*** Block opens ***

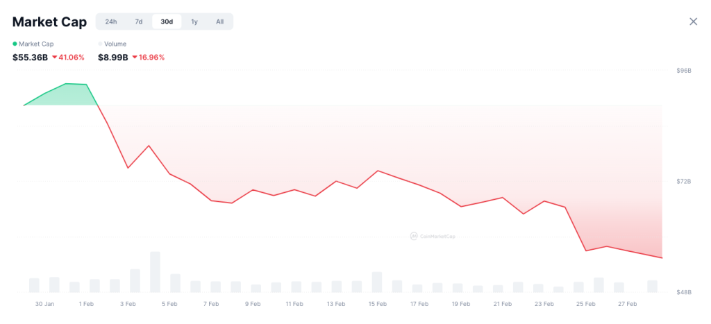 มูลค่าตลาดรวมของ Meme Coin ลดลง 41% ในช่วง 30 วันที่ผ่านมา สาเหตุหลักมาจากการเปลี่ยนแปลงของสภาวะเศรษฐกิจมหภาค (macroeconomic headwinds) ที่ส่งผลให้กำไรส่วนใหญ่ที่ได้รับหลังจากการชนะการเลือกตั้งประธานาธิบดีของ Donald Trump ในเดือนพฤศจิกายนได้หายไป
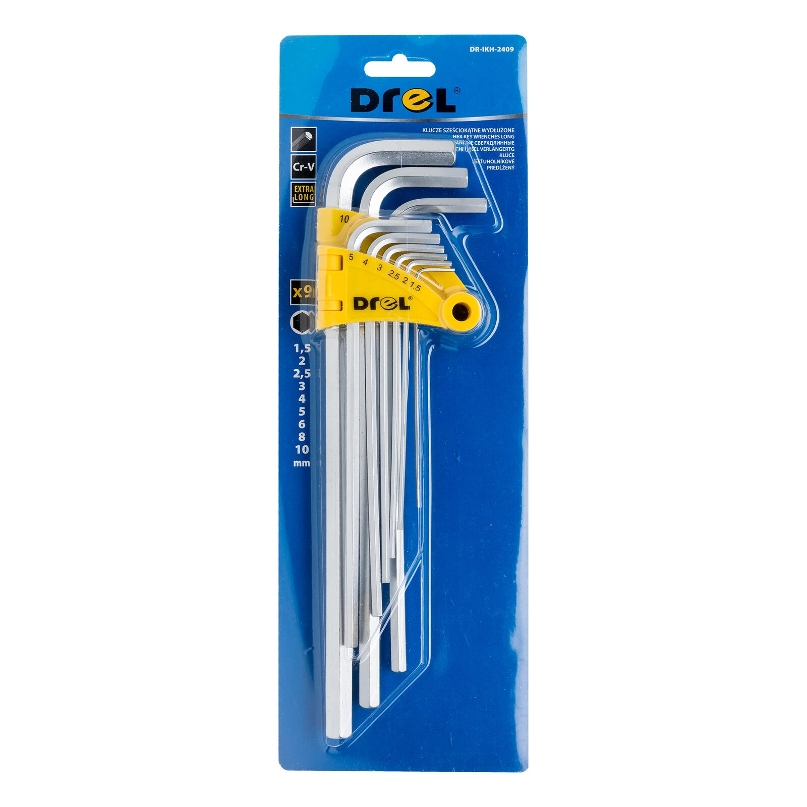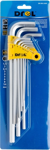 Jeu de clés Allen 1,5–10 mm, 9 pièces, longues DREL
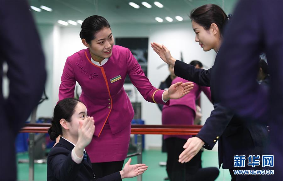吉如(后左一)在車站職工活動室指導(dǎo)同事禮儀訓(xùn)練(1月15日攝)。 新華社記者 陶明 攝
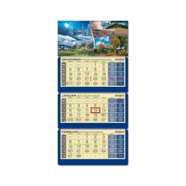 Plánovací kalendár 3-mesačný sivý. Rozmer : 295x870 mm. Rozsah: 3 x 12 listov. Väzba: 1x šitá s perforáciou a 2x špirála.
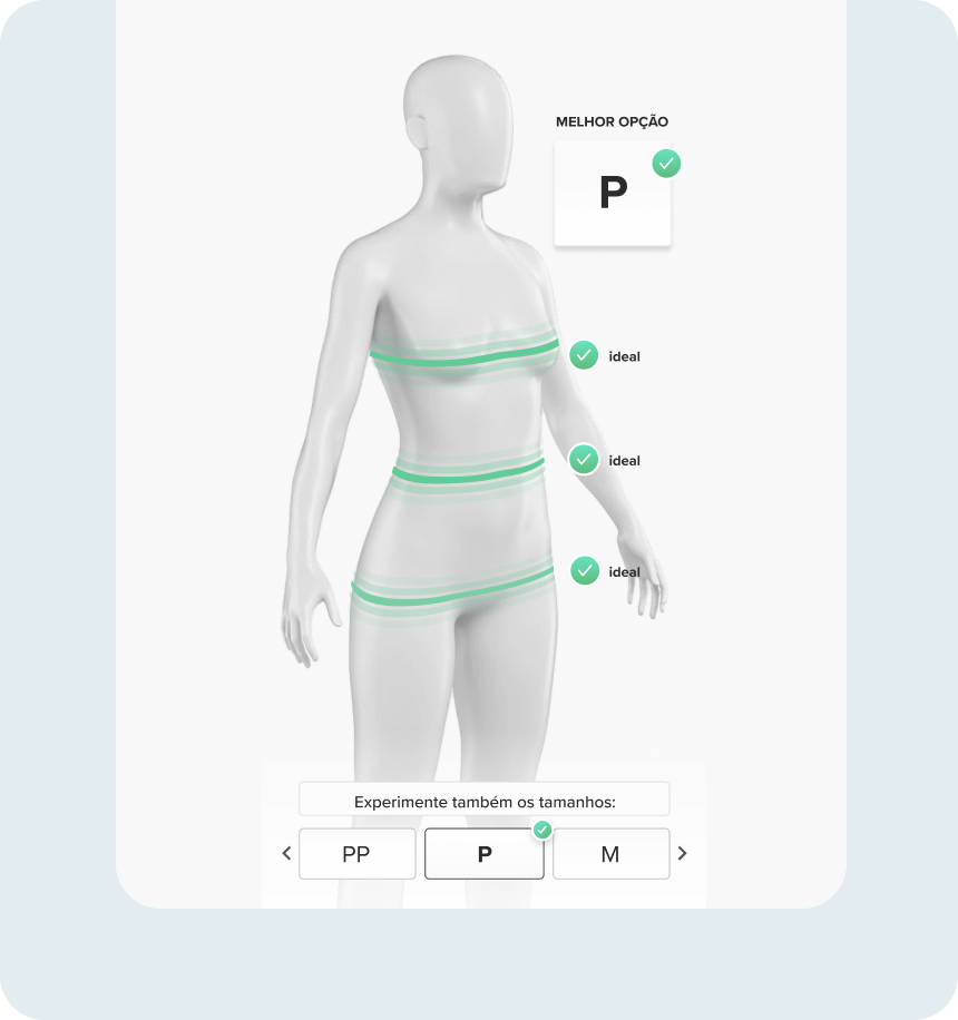 Elimine dúvidas de tamanho com uma recomendação automatizada e personalizada
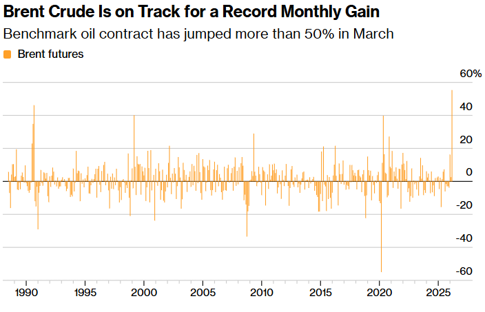 布伦特原油上涨2.6%,至每桶115.45美元,月内累计涨幅接近60%;WTI上涨1.3%,至每桶100.98美元。市场观察人士表示,这场冲突几乎看不到降级迹象,关注点正转向替代石油出口通道的脆弱性。
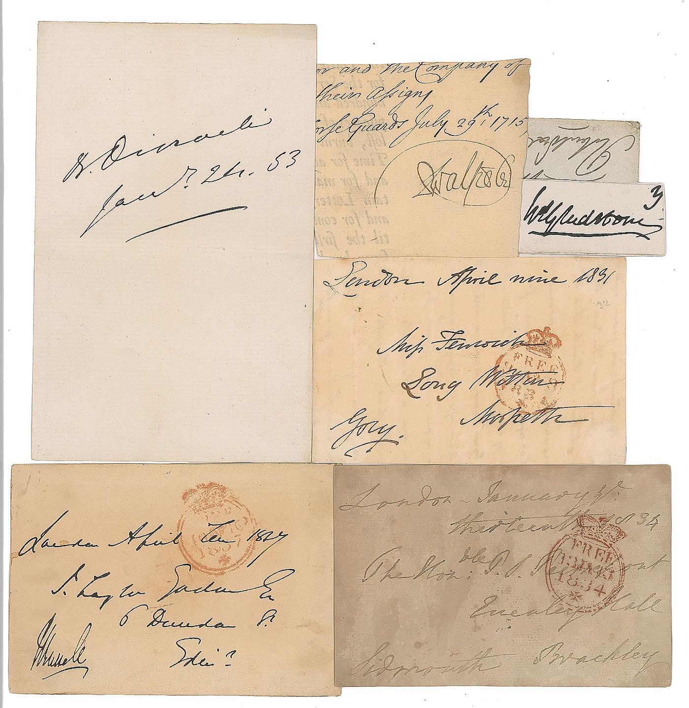 Collection of seven ink signatures of 18th and 19th century British prime ministers on clipped slips and free franks, including: Sir Robert Walpole (1st Prime Minister), Charles Grey, Lord John Russell, Henry Addington (The Viscount Sidmouth), William Ewart Gladstone, Sir Robert Peel, and Benjamin Disraeli. In overall very good to fine condition.
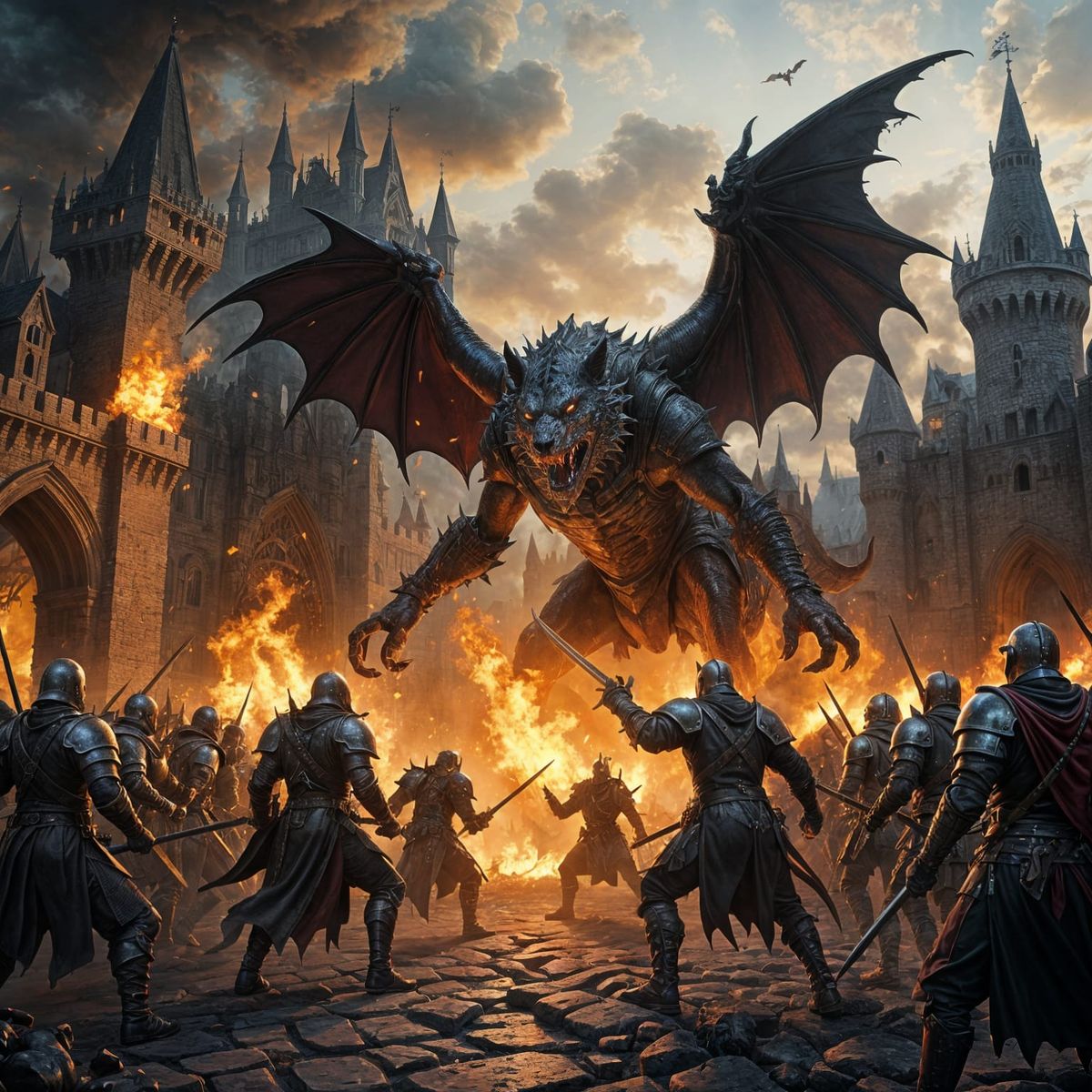 Create your own epic fantasy battles with our free AI image generator. It's easy to create stunning scenes.
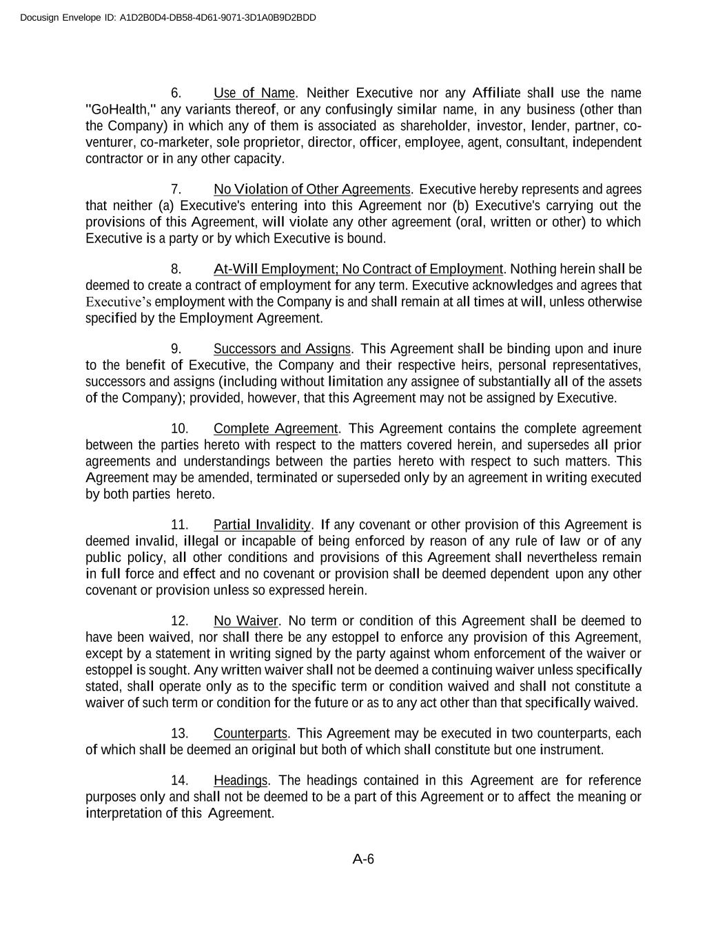 Docusign Envelope ID: A1D2B0D4-DB58-4D61-9071-3D1A0B9D2BDD A-6 6. Use of Name. Neither Executive nor any Affiliate shall use the name "GoHealth," any variants thereof, or any confusingly similar name, in any business (other than the Company) in which any of them is associated as shareholder, investor, lender, partner, co- venturer, co-marketer, sole proprietor, director, officer, employee, agent, consultant, independent contractor or in any other capacity. 7. No Violation of Other Agreements. Executive hereby represents and agrees that neither (a) Executive's entering into this Agreement nor (b) Executive's carrying out the provisions of this Agreement, will violate any other agreement (oral, written or other) to which Executive is a party or by which Executive is bound. 8. At-Will Employment; No Contract of Employment. Nothing herein shall be deemed to create a contract of employment for any term. Executive acknowledges and agrees that Executive’s employment with the Company is and shall remain at all times at will, unless otherwise specified by the Employment Agreement. 9. Successors and Assigns. This Agreement shall be binding upon and inure to the benefit of Executive, the Company and their respective heirs, personal representatives, successors and assigns (including without limitation any assignee of substantially all of the assets of the Company); provided, however, that this Agreement may not be assigned by Executive. 10. Complete Agreement. This Agreement contains the complete agreement between the parties hereto with respect to the matters covered herein, and supersedes all prior agreements and understandings between the parties hereto with respect to such matters. This Agreement may be amended, terminated or superseded only by an agreement in writing executed by both parties hereto. 11. Partial Invalidity. If any covenant or other provision of this Agreement is deemed invalid, illegal or incapable of being enforced by reason of any rule of law or of any public policy, all other conditions and provisions of this Agreement shall nevertheless remain in full force and effect and no covenant or provision shall be deemed dependent upon any other covenant or provision unless so expressed herein. 12. No Waiver. No term or condition of this Agreement shall be deemed to have been waived, nor shall there be any estoppel to enforce any provision of this Agreement, except by a statement in writing signed by the party against whom enforcement of the waiver or estoppel is sought. Any written waiver shall not be deemed a continuing waiver unless specifically stated, shall operate only as to the specific term or condition waived and shall not constitute a waiver of such term or condition for the future or as to any act other than that specifically waived. 13. Counterparts. This Agreement may be executed in two counterparts, each of which shall be deemed an original but both of which shall constitute but one instrument. 14. Headings. The headings contained in this Agreement are for reference purposes only and shall not be deemed to be a part of this Agreement or to affect the meaning or interpretation of this Agreement.
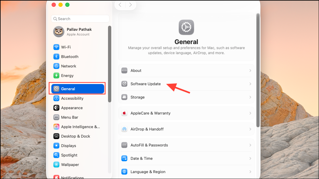 Step 3: In System Settings, navigate to General > Software Update. Here, you’ll see options for Automatic Updates and Beta Updates. Click the i icon next to Beta Updates.
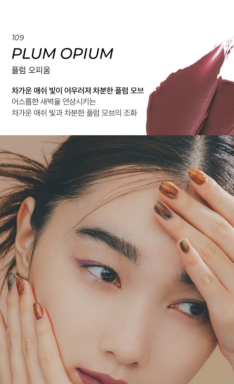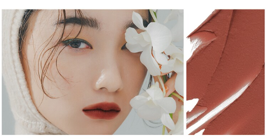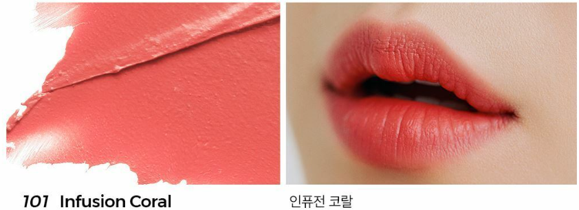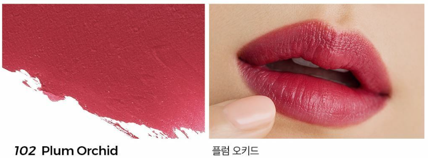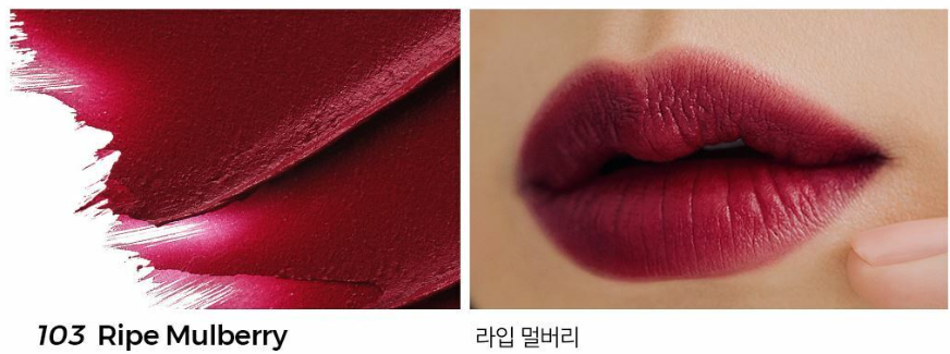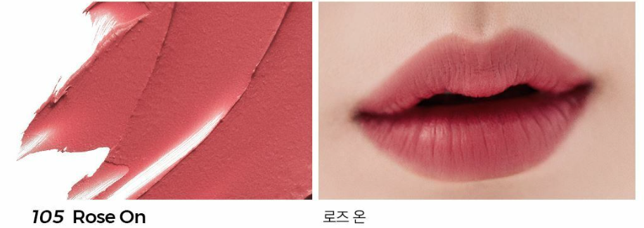 The transparent, light matte texture melts gently into the lips with long-lasting moisturization with a rich color.

*** Block closes ***

§ Work task:
With the pictures omitted, the records above are to be repeated exactly.

§ Result:
 มูลค่าตลาดรวมของ Meme Coin ลดลง 41% ในช่วง 30 วันที่ผ่านมา สาเหตุหลักมาจากการเปลี่ยนแปลงของสภาวะเศรษฐกิจมหภาค (macroeconomic headwinds) ที่ส่งผลให้กำไรส่วนใหญ่ที่ได้รับหลังจากการชนะการเลือกตั้งประธานาธิบดีของ Donald Trump ในเดือนพฤศจิกายนได้หายไป
 Jeu de clés Allen 1,5–10 mm, 9 pièces, longues DREL
吉如(后左一)在車站職工活動室指導(dǎo)同事禮儀訓(xùn)練(1月15日攝)。 新華社記者 陶明 攝
 Plánovací kalendár 3-mesačný sivý. Rozmer : 295x870 mm. Rozsah: 3 x 12 listov. Väzba: 1x šitá s perforáciou a 2x špirála.
 Elimine dúvidas de tamanho com uma recomendação automatizada e personalizada
 布伦特原油上涨2.6%,至每桶115.45美元,月内累计涨幅接近60%;WTI上涨1.3%,至每桶100.98美元。市场观察人士表示,这场冲突几乎看不到降级迹象,关注点正转向替代石油出口通道的脆弱性。
 Collection of seven ink signatures of 18th and 19th century British prime ministers on clipped slips and free franks, including: Sir Robert Walpole (1st Prime Minister), Charles Grey, Lord John Russell, Henry Addington (The Viscount Sidmouth), William Ewart Gladstone, Sir Robert Peel, and Benjamin Disraeli. In overall very good to fine condition.
 Create your own epic fantasy battles with our free AI image generator. It's easy to create stunning scenes.
 Docusign Envelope ID: A1D2B0D4-DB58-4D61-9071-3D1A0B9D2BDD A-6 6. Use of Name. Neither Executive nor any Affiliate shall use the name "GoHealth," any variants thereof, or any confusingly similar name, in any business (other than the Company) in which any of them is associated as shareholder, investor, lender, partner, co- venturer, co-marketer, sole proprietor, director, officer, employee, agent, consultant, independent contractor or in any other capacity. 7. No Violation of Other Agreements. Executive hereby represents and agrees that neither (a) Executive's entering into this Agreement nor (b) Executive's carrying out the provisions of this Agreement, will violate any other agreement (oral, written or other) to which Executive is a party or by which Executive is bound. 8. At-Will Employment; No Contract of Employment. Nothing herein shall be deemed to create a contract of employment for any term. Executive acknowledges and agrees that Executive’s employment with the Company is and shall remain at all times at will, unless otherwise specified by the Employment Agreement. 9. Successors and Assigns. This Agreement shall be binding upon and inure to the benefit of Executive, the Company and their respective heirs, personal representatives, successors and assigns (including without limitation any assignee of substantially all of the assets of the Company); provided, however, that this Agreement may not be assigned by Executive. 10. Complete Agreement. This Agreement contains the complete agreement between the parties hereto with respect to the matters covered herein, and supersedes all prior agreements and understandings between the parties hereto with respect to such matters. This Agreement may be amended, terminated or superseded only by an agreement in writing executed by both parties hereto. 11. Partial Invalidity. If any covenant or other provision of this Agreement is deemed invalid, illegal or incapable of being enforced by reason of any rule of law or of any public policy, all other conditions and provisions of this Agreement shall nevertheless remain in full force and effect and no covenant or provision shall be deemed dependent upon any other covenant or provision unless so expressed herein. 12. No Waiver. No term or condition of this Agreement shall be deemed to have been waived, nor shall there be any estoppel to enforce any provision of this Agreement, except by a statement in writing signed by the party against whom enforcement of the waiver or estoppel is sought. Any written waiver shall not be deemed a continuing waiver unless specifically stated, shall operate only as to the specific term or condition waived and shall not constitute a waiver of such term or condition for the future or as to any act other than that specifically waived. 13. Counterparts. This Agreement may be executed in two counterparts, each of which shall be deemed an original but both of which shall constitute but one instrument. 14. Headings. The headings contained in this Agreement are for reference purposes only and shall not be deemed to be a part of this Agreement or to affect the meaning or interpretation of this Agreement.
 Step 3: In System Settings, navigate to General > Software Update. Here, you’ll see options for Automatic Updates and Beta Updates. Click the i icon next to Beta Updates.
 The transparent, light matte texture melts gently into the lips with long-lasting moisturization with a rich color.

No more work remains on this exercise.